Tuesday, September 10, 2019

A simple cure for Ransomware?

We've seen a rash of ransomware attacks against small towns.  This is malware that encrypts all the files on the computer and demands a ransom for a key to decrypt them.  Most recently we saw a bunch of towns in Texas succumbing to the attack.  But not all towns submit:
The City of New Bedford, in Massachusetts, has found a way to deal with ransomware without paying: shoring up defenses, restoring from backups, and rebuilding systems.

The attack on the American city's systems was identified on July 5, after employees noticed unusual network activity upon returning from the July 4th holiday, Mayor Jon Mitchell explained in a press conference on Wednesday.

"We haven't seen any interruption in municipal services at all," said Mitchell.

The city's Management Information Systems (MIS) staff identified the presence of the file-scrambling RYUK nasty, a sophisticated form of ransomware, and through prompt action managed to limit its impact.

...

Unwilling to pay $5.3m, Mitchel said he made a counter-offer of $400,000, based on cyber-insurance proceeds available to the city. The cyber-crim declined and the city continued negotiating, buying the IT staff the time needed to bolster defenses and restore files from backups, to the extent possible.
Good on them.  A good data backup strategy cures a multitude of security sins.  You can find ASM826's and my recommendations here.

5 comments:

Old NFO said...

It's always attention to detail, and keeping up with the threats, which few do... sigh

SiGraybeard said...

How do you ensure that your backup doesn't reinfect your system?

It seems the ransomware creators would put the infection on your system and let it hide itself for a while before springing the trap. When you restore your backups, you restore the malware with it.

Eagle said...

It may hurt your employees' feelings, but the first step is to disable the internal network from directly accessing the outside world. How many employees really need to use YouTube or Facebook Messenger on their business systems? If they want to do that, they should use their personal phones - not company or government equipment.

Next step: every system that needs outside access goes thru a proxy server. Services are limited to email and limited browsing, with the proxy "blacklist" disallowing access to malware transport mechanisms (such as Snapchat and other services).

Every email is scanned before becoming available to the user. Yes, that means that some email attachments won't get through. Sorry. If it's that important, set up a relay system: the file is deposited on a system in the DMZ, checked for viruses/malware, and then the user copies it from the DMZ to a local system after the file has been okayed.

Next: use multi-factor login protection. Some kind of physical token and a password. You DON'T GET IN without BOTH - which means that network logins are completely disabled.

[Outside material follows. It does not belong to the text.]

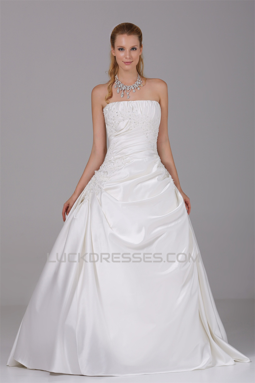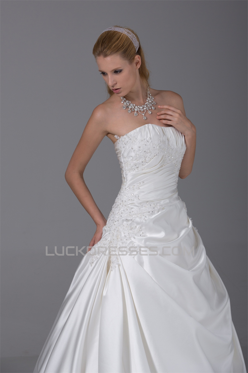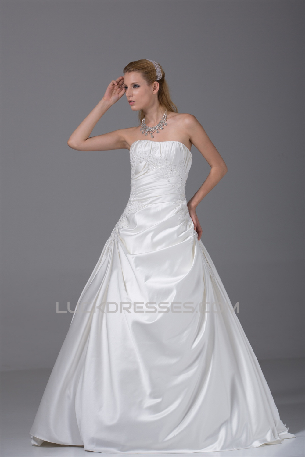-50% A-Line Strapless Beaded Lace Satin Wedding Dresses 2030118

Lastly, for network-facing services, the system facing the network sits outside the DMZ. It communicates to a system inside the DMZ which checks the request and any payload, and verifies it's ok. If the request is ok, it is passed from the DMZ into the network itself.

If you want to protect yourself, these are only the first steps. There are more... but you get the idea.

GOOD security isn't easy to implement, but it will pay off in the long run.

Borepatch said...

Graybeard, there's no reason to back up executable files, as long as you have an easy way to reinstall (say, recovery partition or Linux distro).

McChuck said...

This is where good virtual systems really come in handy.